Remington-based Schilli Leasing, a full-service truck leasing company, buys vehicles and leases them to third parties, including four companies owned by Thomas Schilli: Wabash Valley Transportation Inc., Schilli Specialized Inc., Schilli Specialized of Texas Inc. and Midwest Shuttle Services Inc. As part of its leasing program, Schilli Leasing operates garages that provided maintenance and repair services for its lessees, as well as fuel and storage services and overnight accommodations available only to WVT, SSI, SST and MSS drivers. The Schilli-owned company drivers are charged for these services, but the charges are reflected as “accounting allocations” in each company’s financial records.

After a 2012 audit, the Indiana Department of State Revenue determined Schilli Leasing had deficiently remitted sales and use tax during the 2008, 2009 and 2010 tax years by failing to collect sales tax on its charges to MSS for lease payments, fuel and parts. The department also found Schilli Leasing failed to collect sales tax on its charges and services to WVT, SSI and SST and to remit use tax on its purchase of “bunkhouse improvements” and items used in its repair shops. As a result, proposed assessments of $223,041.48 were issued to Schilli Leasing for the three tax years.

The company protested, claiming the retail transactions were exempt under Indiana Code 6-2.5-5-27, the public transportation exemption, but the department disagreed and denied the protest. Schilli Leasing then appealed in Schilli Leasing, Inc. v. Indiana Department of State Revenue, 49T10-1306-TA-54, but the Indiana Tax Court agreed that the purchases were not exempt.

Specifically, Senior Tax Court Judge Thomas G. Fisher wrote in the Thursday opinion that Schilli Leasing stipulated in its appeal it “does not transport property owned by third-parties for consideration.” Thus, it does not provide public transportation, so the transactions cannot qualify for the public transportation exemption. Further, “(t)he plain language of the public transportation exemption necessarily links the person who acquired property to the use or consumption of it in his provision of public transportation,” Fisher wrote.
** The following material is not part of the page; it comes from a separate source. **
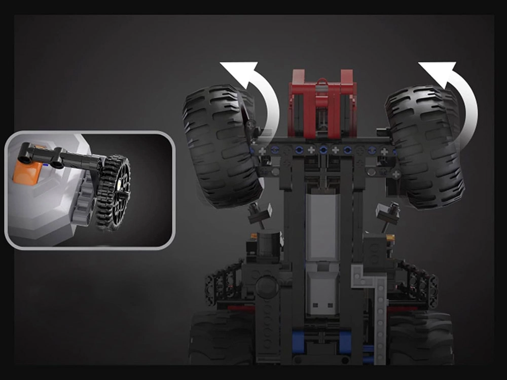 Два мотора M, мотор L и прецизен серво механизъм осигуряват движение напред/назад и точно управление. Повдигайте задния теглич и завъртайте захвата на 180° от разстояние.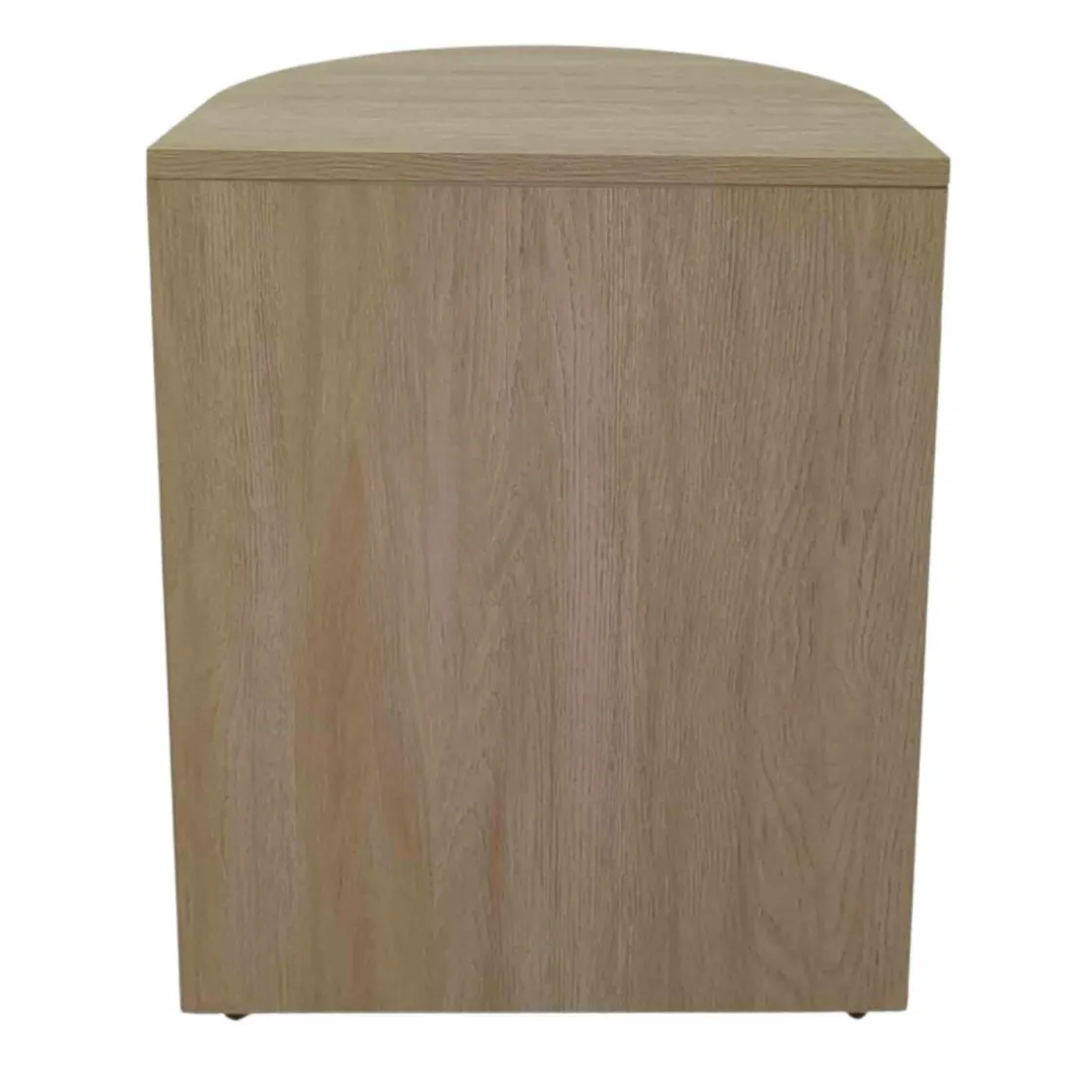 Et sidebord som utnytter plassen effektivt. Hyllen gir et praktisk sted for bøker, planter eller små ting som trenger et sted å bo. Laget med en lys eik look som gir en naturlig finish som lett passer inn i stuen, soverommet eller gangen. Skaper en lun følelse og hjelper med å holde orden.

Schilli Leasing further argued that because each of its five companies are “interdependent,” yet separate, entities, they should be treated “as a single diverse ground transportation company” under the unitary business principle. But Fisher declined to consider whether the Schilli entities constitute a unitary business, because the unitary business principle applies only to corporate income tax.